Room for Disagreement

Not everyone thinks humans need to be involved in the search for reliable journalism. An engineer involved in researching safety at OpenAI, who spoke on the condition of anonymity and said he wasn’t directly familiar with Bing’s use of the technology, said he saw the manual NewsGuard rankings as a useful stepping stone toward the dream of AI systems that can determine reliability better than any manual process. But while Newsguard employs humans to do manual checks on news sources, the OpenAI researcher envisions AI algorithms with the ability to check actual facts in real time, using signals like Newsguard as a guide.

“That actually might be easier with AI systems rather than humans. It can run much faster,” he said.

He said OpenAI is already beginning to think about teaching the AI to better discern accurate information on the internet. The current models were “trained” by humans who rated the algorithm’s responses on how convincing and accurate they sounded. But unless the trainer had the knowledge necessary to determine the answer’s accuracy, the response might have also been wrong. In future rounds of training, OpenAI is considering giving trainers tools to more reliably check the accuracy of responses.

The idea is not to teach the AI the right answer to every question — an impossible feat. The goal would be to teach it to identify patterns in the petabytes of internet content that are associated with accuracy and inaccuracy.

The View From The Right

Newsguard’s focus on transparency and professional standards, rather than movements and ideologies, has kept it out of much of the polarized debate over misinformation, in which Twitter made high-profile mistakes in banning true or debatable claims by right-wing voices.

But some outlets to which the company has given low ratings have cast NewsGuard as the tip of a conspiratorial spear.
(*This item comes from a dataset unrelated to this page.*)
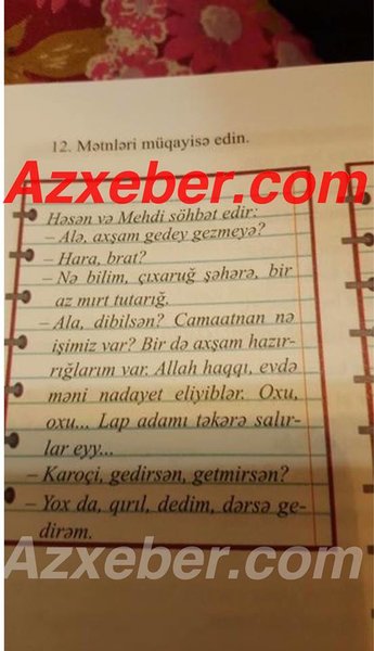 ""Allah haqqı, evdə məni "nadayet" ediblər" - Şagirdlərə öyrədilən Azərbaycan dili kitabında biabırçılıqAzərbaycanda orta məktəb dərsliklərində vulqar ifadələr zaman-zaman mətbuatın gündəminə gəlir. Avtosfer.az xəbər verir ki, azxeber.com-a müraciət edən Kazım Əliyev adlı valideyn də dərsliklərdə olan dialoqlarla bağlı narazılığını bildirib. O deyib ki, övladı 8-ci sinifdə təhsil alır və 8-ci sinif Azərbaycan dili dərsliyində olan dialoq onu narahat edir: "Mənim övladım kitabda yazılan bu sözləri gündəlik həyatında da istifadə etməyə başlayıb. O "brat", nadayet eləmə", "təkərə salma məni" və başqa ifadələri dilinə düşüb. İrad bildirində isə kitabı istinad olaraq göstərir. Təhsil Nazirliyi belə şeylərə nəyə görə icazə verir, hələ də anlamıram". Qeyd edək ki, bu dialoq müqayisə xarakterli verilib.

The conservative non-profit PragerU launched a petition describing the company as “the political elite’s tool for censorship” after receiving a rating of 57, which carries the admonition “proceed with caution.”
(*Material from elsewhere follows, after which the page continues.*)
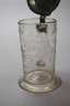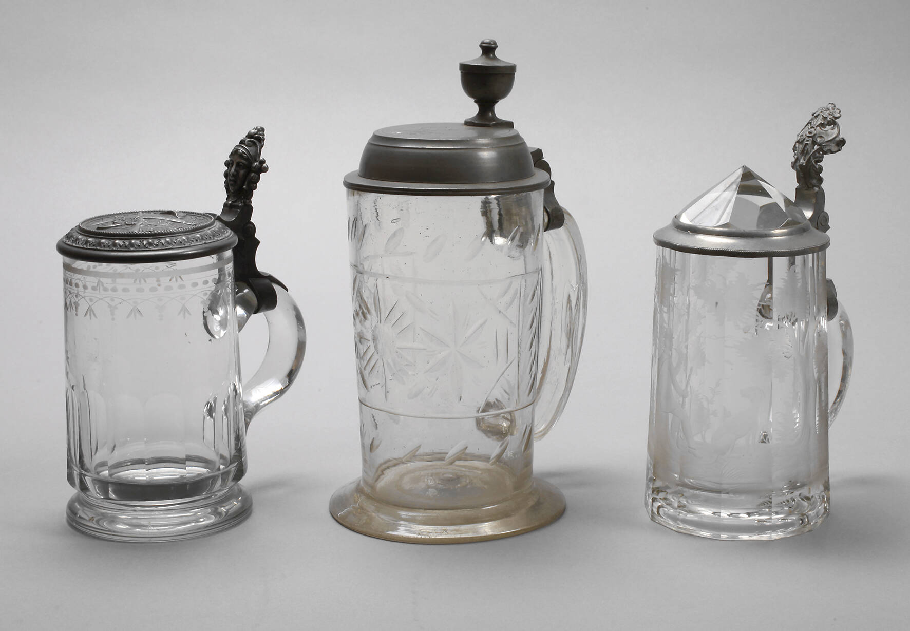 1. und 2. Hälfte 19. Jh., farbloses Glas mit ausgekugeltem Abriss bzw. formgeblasen, einer mit plangeschliffenem Stand, verschieden geschliffen, Zinndeckel, Hochzeitskrug signiert C. G. Lützner 1821, einer mit Jagdmotiv, Jäger und Hund im Wald sowie Prismendeckel, dazu Schützenkrug mit gekreuzten Gewehren, Eichenlaub und anderem Zierrat, alle gut erhalten, H max. 24 cm.
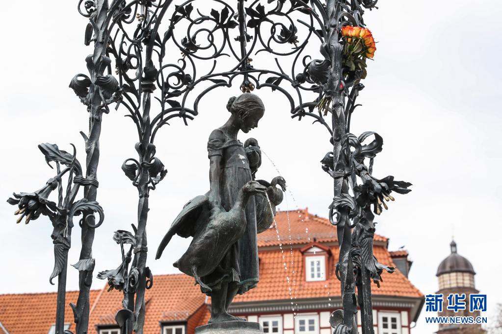 这是4月16日在德国哥廷根拍摄的哥廷根地标“牧鹅女”铜像。

In an email exchange PragerU posted, much of the debate focused on the fact that PragerU doesn’t respond to errors in a way that meets NewsGuard’s standards.
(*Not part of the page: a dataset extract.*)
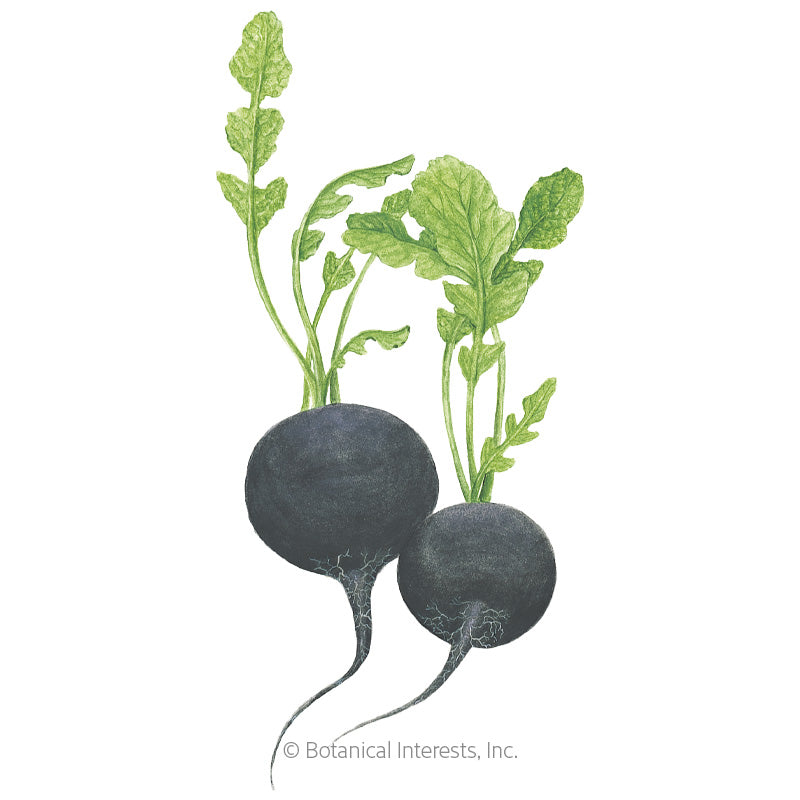 Variety Info: 3"–4" diameter, black skin with white interior. 'Round Black Spanish' is a medium-spicy radish.

“We don’t issue corrections, as we are not a news site. In the rare event we get something wrong, we will remove it,” an explanation that did not appear to impress NewsGuard.

The right has already criticized ChatGPT for allegedly “woke” responses. What really seems to irk conservatives, though, is when the algorithms seem to synthesize internet data and come to a final conclusion. For instance, it has said “it is generally better to be for affirmative action.” Why this happens isn’t fully understood, even by AI researchers. If newer and more powerful models can detect when there are multiple prevailing views on a subject and present both of them, citing source material, it may quell the criticism.

Notable

When NewsGuard launched in 2019, “Mr. Brill and Mr. Crovitz anticipate that some kind of ratings service will eventually be adopted across the web,” Ed Lee wrote in the New York Times.
The linguist Noam Chomsky doesn’t think ChatGPT can fulfill the promises made by some of its promoters. With brute statistical force replacing the elegance of human cognition, “the predictions of machine learning systems will always be superficial and dubious.”
And ChatGPT-style tech is emerging in another environment where it’s important to get things right: Cars.